Work to be completed: Without copying any picture, transcribe exactly the lines of the data below from the one containing "Trong bài viết" through the one containing "Adorned in floral".

Listed records:
###

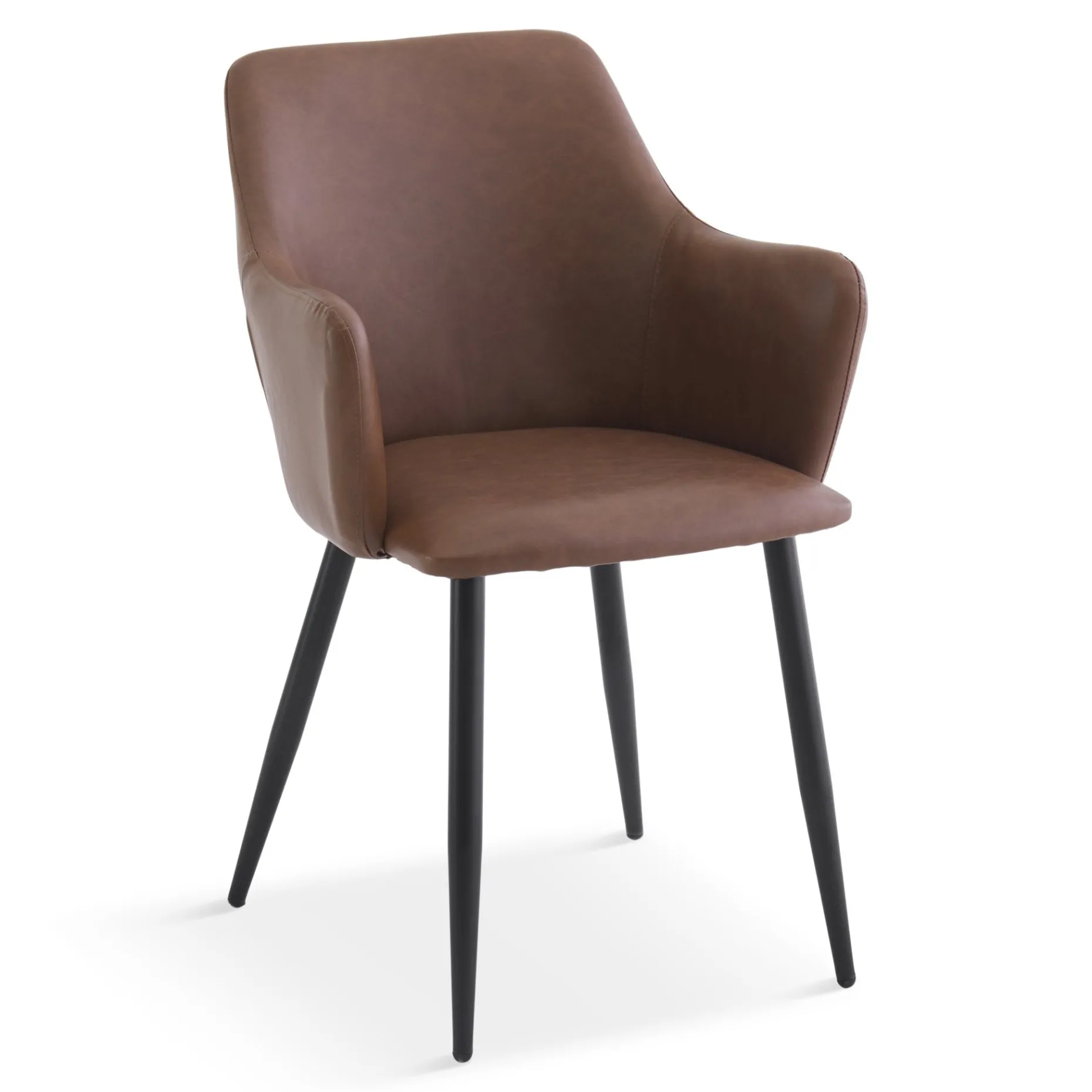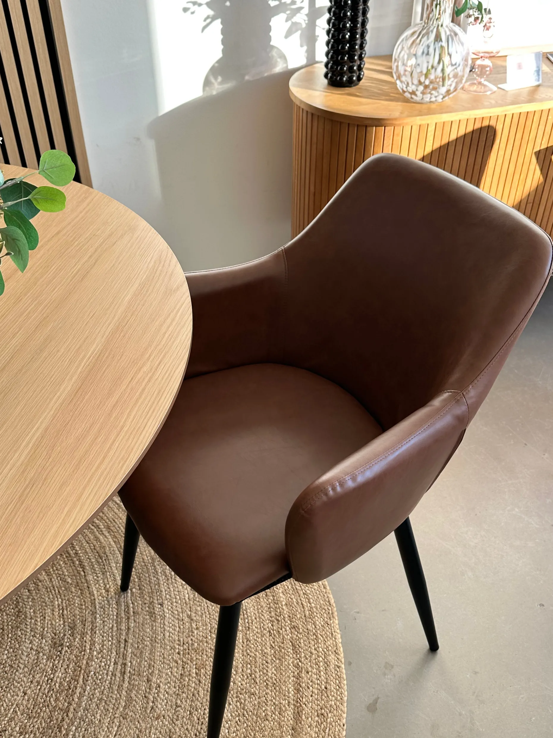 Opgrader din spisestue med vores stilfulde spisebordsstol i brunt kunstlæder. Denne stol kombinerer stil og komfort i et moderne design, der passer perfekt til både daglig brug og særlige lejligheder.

###

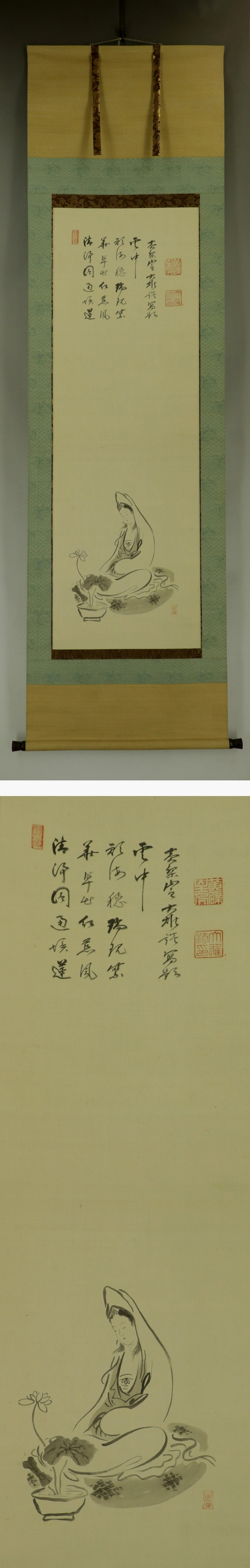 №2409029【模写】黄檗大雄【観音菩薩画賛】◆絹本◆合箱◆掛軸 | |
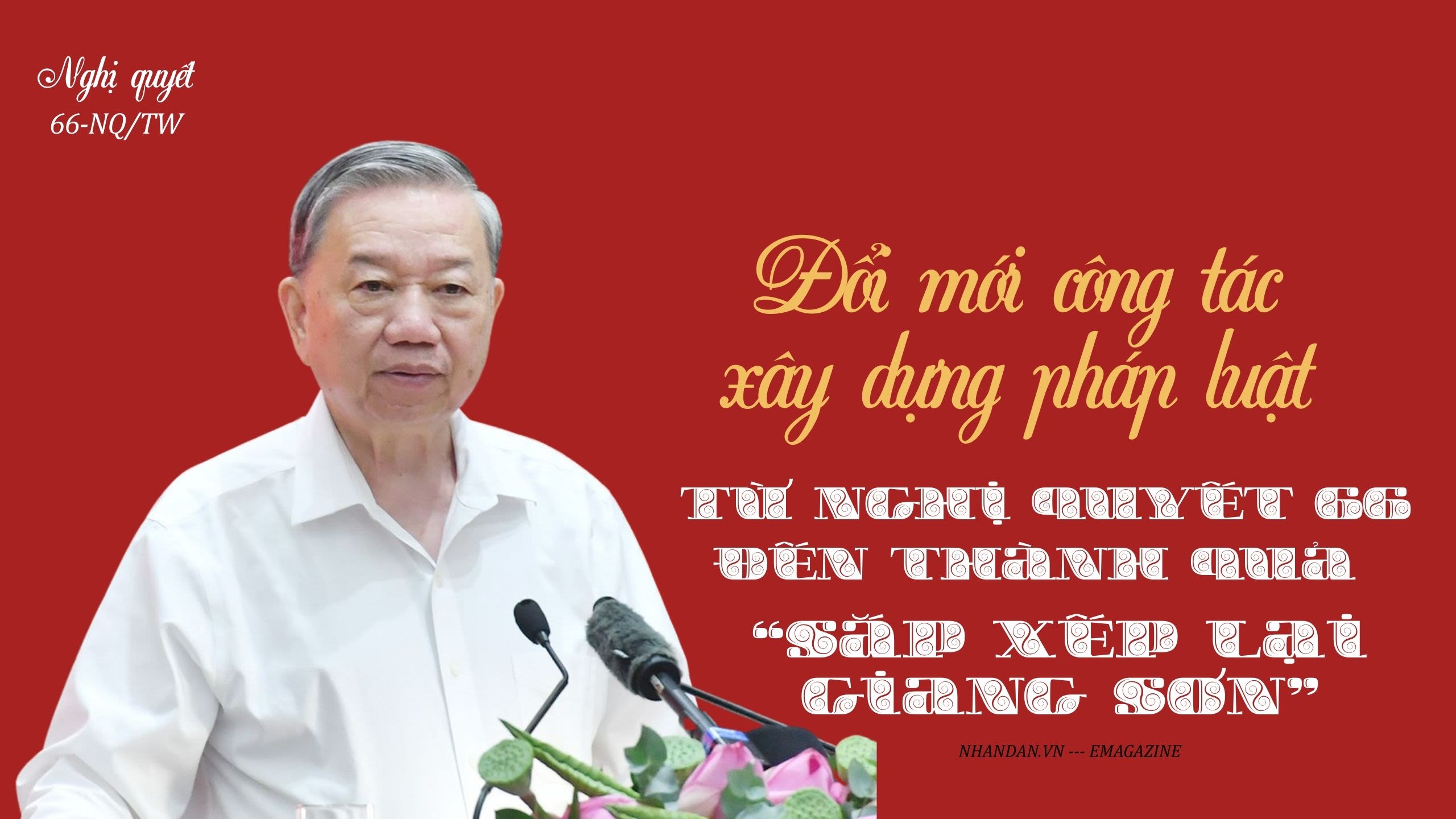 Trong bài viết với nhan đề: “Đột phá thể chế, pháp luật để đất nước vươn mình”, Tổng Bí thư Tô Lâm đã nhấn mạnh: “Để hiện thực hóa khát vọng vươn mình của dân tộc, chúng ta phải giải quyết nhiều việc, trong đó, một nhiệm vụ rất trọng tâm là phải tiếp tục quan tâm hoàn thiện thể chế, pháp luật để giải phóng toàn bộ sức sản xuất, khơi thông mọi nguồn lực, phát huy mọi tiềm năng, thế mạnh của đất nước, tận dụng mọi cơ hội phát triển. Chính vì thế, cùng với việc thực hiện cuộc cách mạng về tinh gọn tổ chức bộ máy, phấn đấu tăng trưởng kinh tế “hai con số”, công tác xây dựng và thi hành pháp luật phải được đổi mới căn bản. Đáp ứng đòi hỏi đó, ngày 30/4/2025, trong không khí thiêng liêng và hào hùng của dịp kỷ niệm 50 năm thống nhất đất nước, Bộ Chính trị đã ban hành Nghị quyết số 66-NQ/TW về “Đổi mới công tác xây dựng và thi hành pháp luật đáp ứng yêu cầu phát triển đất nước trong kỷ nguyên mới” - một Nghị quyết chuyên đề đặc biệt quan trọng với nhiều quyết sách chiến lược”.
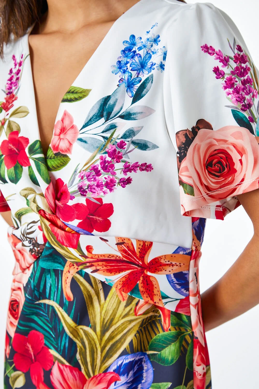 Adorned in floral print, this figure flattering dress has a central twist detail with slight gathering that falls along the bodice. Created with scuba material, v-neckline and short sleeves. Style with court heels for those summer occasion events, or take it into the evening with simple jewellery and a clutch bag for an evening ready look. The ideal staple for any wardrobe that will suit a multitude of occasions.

###

Task solution:
 Trong bài viết với nhan đề: “Đột phá thể chế, pháp luật để đất nước vươn mình”, Tổng Bí thư Tô Lâm đã nhấn mạnh: “Để hiện thực hóa khát vọng vươn mình của dân tộc, chúng ta phải giải quyết nhiều việc, trong đó, một nhiệm vụ rất trọng tâm là phải tiếp tục quan tâm hoàn thiện thể chế, pháp luật để giải phóng toàn bộ sức sản xuất, khơi thông mọi nguồn lực, phát huy mọi tiềm năng, thế mạnh của đất nước, tận dụng mọi cơ hội phát triển. Chính vì thế, cùng với việc thực hiện cuộc cách mạng về tinh gọn tổ chức bộ máy, phấn đấu tăng trưởng kinh tế “hai con số”, công tác xây dựng và thi hành pháp luật phải được đổi mới căn bản. Đáp ứng đòi hỏi đó, ngày 30/4/2025, trong không khí thiêng liêng và hào hùng của dịp kỷ niệm 50 năm thống nhất đất nước, Bộ Chính trị đã ban hành Nghị quyết số 66-NQ/TW về “Đổi mới công tác xây dựng và thi hành pháp luật đáp ứng yêu cầu phát triển đất nước trong kỷ nguyên mới” - một Nghị quyết chuyên đề đặc biệt quan trọng với nhiều quyết sách chiến lược”.
 Adorned in floral print, this figure flattering dress has a central twist detail with slight gathering that falls along the bodice. Created with scuba material, v-neckline and short sleeves. Style with court heels for those summer occasion events, or take it into the evening with simple jewellery and a clutch bag for an evening ready look. The ideal staple for any wardrobe that will suit a multitude of occasions.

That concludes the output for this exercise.